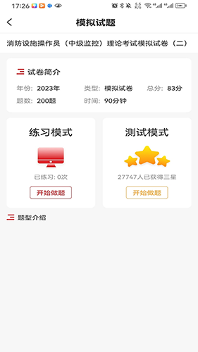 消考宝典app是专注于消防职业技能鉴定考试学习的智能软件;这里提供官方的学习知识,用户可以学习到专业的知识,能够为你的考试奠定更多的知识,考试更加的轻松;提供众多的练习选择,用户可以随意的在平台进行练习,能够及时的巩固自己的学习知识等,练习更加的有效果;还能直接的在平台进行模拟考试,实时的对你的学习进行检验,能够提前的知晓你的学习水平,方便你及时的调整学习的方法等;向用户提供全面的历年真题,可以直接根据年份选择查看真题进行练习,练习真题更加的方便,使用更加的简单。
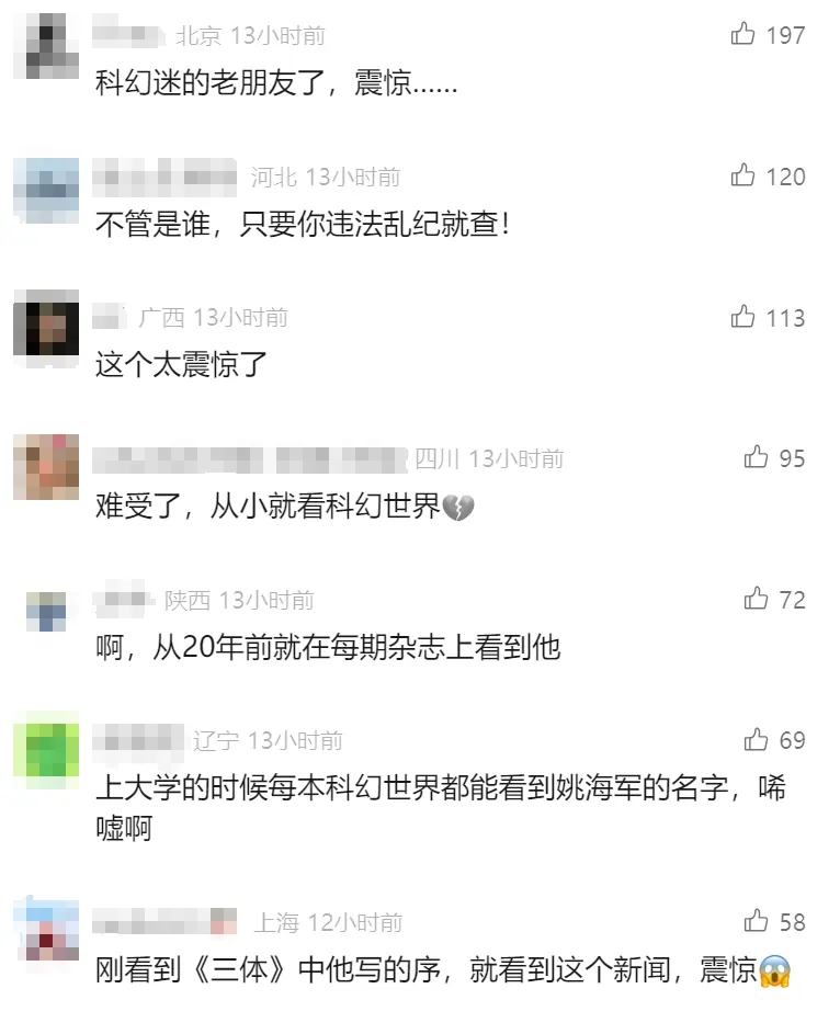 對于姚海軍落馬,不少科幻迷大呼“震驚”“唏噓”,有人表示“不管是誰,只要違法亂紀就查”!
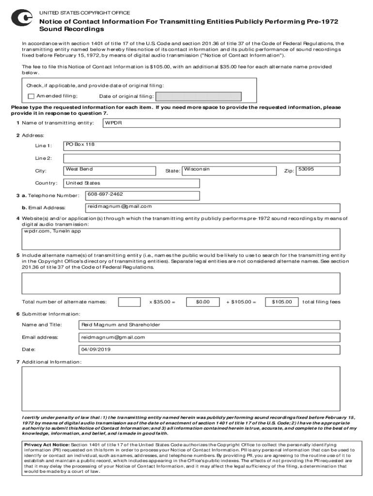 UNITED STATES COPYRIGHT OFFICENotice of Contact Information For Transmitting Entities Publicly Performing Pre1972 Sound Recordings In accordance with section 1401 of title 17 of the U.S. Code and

Requirement: Exact repetition required: repeat the first line of the listing above, the line containing "對于姚海軍落馬,不少科幻迷大", and every line between, leaving out pictures.

Answer space:
 消考宝典app是专注于消防职业技能鉴定考试学习的智能软件;这里提供官方的学习知识,用户可以学习到专业的知识,能够为你的考试奠定更多的知识,考试更加的轻松;提供众多的练习选择,用户可以随意的在平台进行练习,能够及时的巩固自己的学习知识等,练习更加的有效果;还能直接的在平台进行模拟考试,实时的对你的学习进行检验,能够提前的知晓你的学习水平,方便你及时的调整学习的方法等;向用户提供全面的历年真题,可以直接根据年份选择查看真题进行练习,练习真题更加的方便,使用更加的简单。
 對于姚海軍落馬,不少科幻迷大呼“震驚”“唏噓”,有人表示“不管是誰,只要違法亂紀就查”!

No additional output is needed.